The new OBR forecasts suggest that these secular trends are still with usaverage wages down, household debt up, business investment weak and the recovery reliant on consumption.

As long as these trends hold we don’t have a viable economic model, we have a slow moving doomsday machine. Look at long term trends in the UK economy and you see (as the ONS pointed out last week) an ever-rising dependence on household consumption together with a slow process whereby median earners have become detached from the proceeds of growth.

Add these trends together and you have recipe for growth dependent on a falling household savings ratio and ever rising household debt levels. Which gets you an (often property) related cycle of consumption and household debt driven booms followed by nasty busts. And each bust has the potential to be worse than the last one as the household debt ratio is higher each time.

The path to recovery has set out by the OBR last week is consistent with the Summers secular stagnation thesis.

There are a variety of possible responses to this. One is that chosen by the government– accept that this is the growth model we’ve got and shrink the state further. This is a grim vision of the future in which people earn less, the state is meaner and no fundamental attempt is made at ‘rebalancing’.

Of course the Chancellor was once upon a time very keen on rebalancing – the problem was he thought it was easy, just a case of slashing corporation tax and getting the state out of the way. After this approach led to (cyclical) stagnation in 2010-2012 the plan was quietly dropped. Instead the Chancellor appears to have decided to return to a turbo charged version of the old growth model.

Another response would be to assume that the UK faces a shortage of aggregate demand and either though looser monetary policy or a fiscal stimulus seek to rectify this. This strategy would be vast improvement on what we currently have but by itself alone would not succeed. Growth might be faster but the pattern of that growth could all too easily resemble that of the pre-crisis period – consumption intensive, not reaching many in the middle and below and associated with rising household debt.
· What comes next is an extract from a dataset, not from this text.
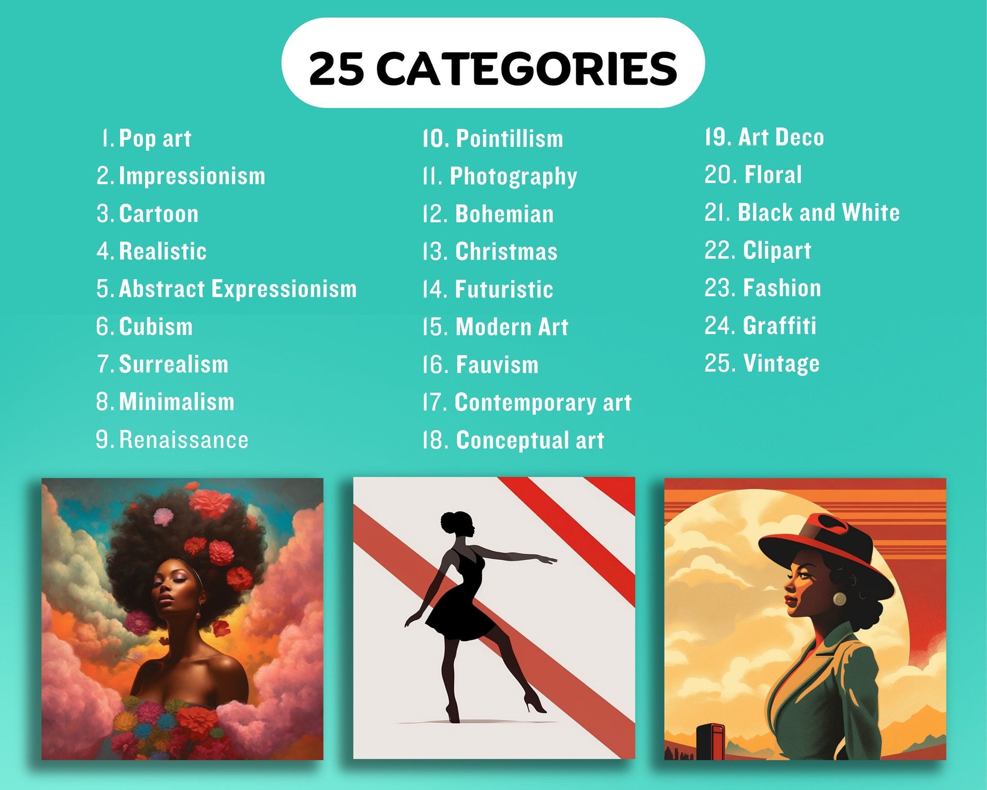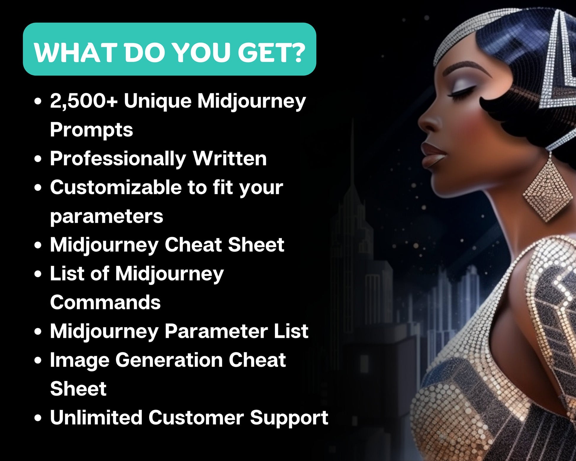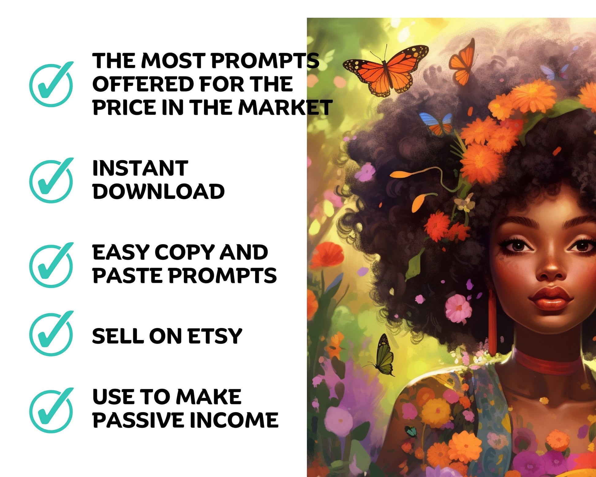 Get this 2500+ Midjourney Prompts to help you create unimaginable AI art Digital Black Female designs so you can speed up your design, lead times and make passive income by selling them on Etsy.

The third potential strategy would go beyond this. Alongside a capital spending intense stimulus it would seek a supply side revolution to use new institutions to combat the secular trend. Such a programme would aim less for recovery and more for national renewal it is essentially about taking the steps required to move us to a longer term, more inclusive model of growth, in short –  a high wage, high productivity economy.

This outcome is not achievable through the pulling of monetary and fiscal levers alone. It’s not just a case of putting a foot on the accelerator but off taking up the bonnet and fixing the engine. This is what a progressive supply side policy should be aiming to achieve – looking at factors such as the banking system, corporate governance, training systems, industrial policy and the investment share of the economy. All of these factors determine the institutional framework of our economy and explain a great deal about the kind of growth we get and how it is distributed. All of these factors can be changed through political action.

The OBR thinks this is a cyclical upturn, it may well decide in the fullness of time that the picture is structurally better than it currently assumes but what we really need is the start of a process of reversing secular trends. That requires serious economic reform.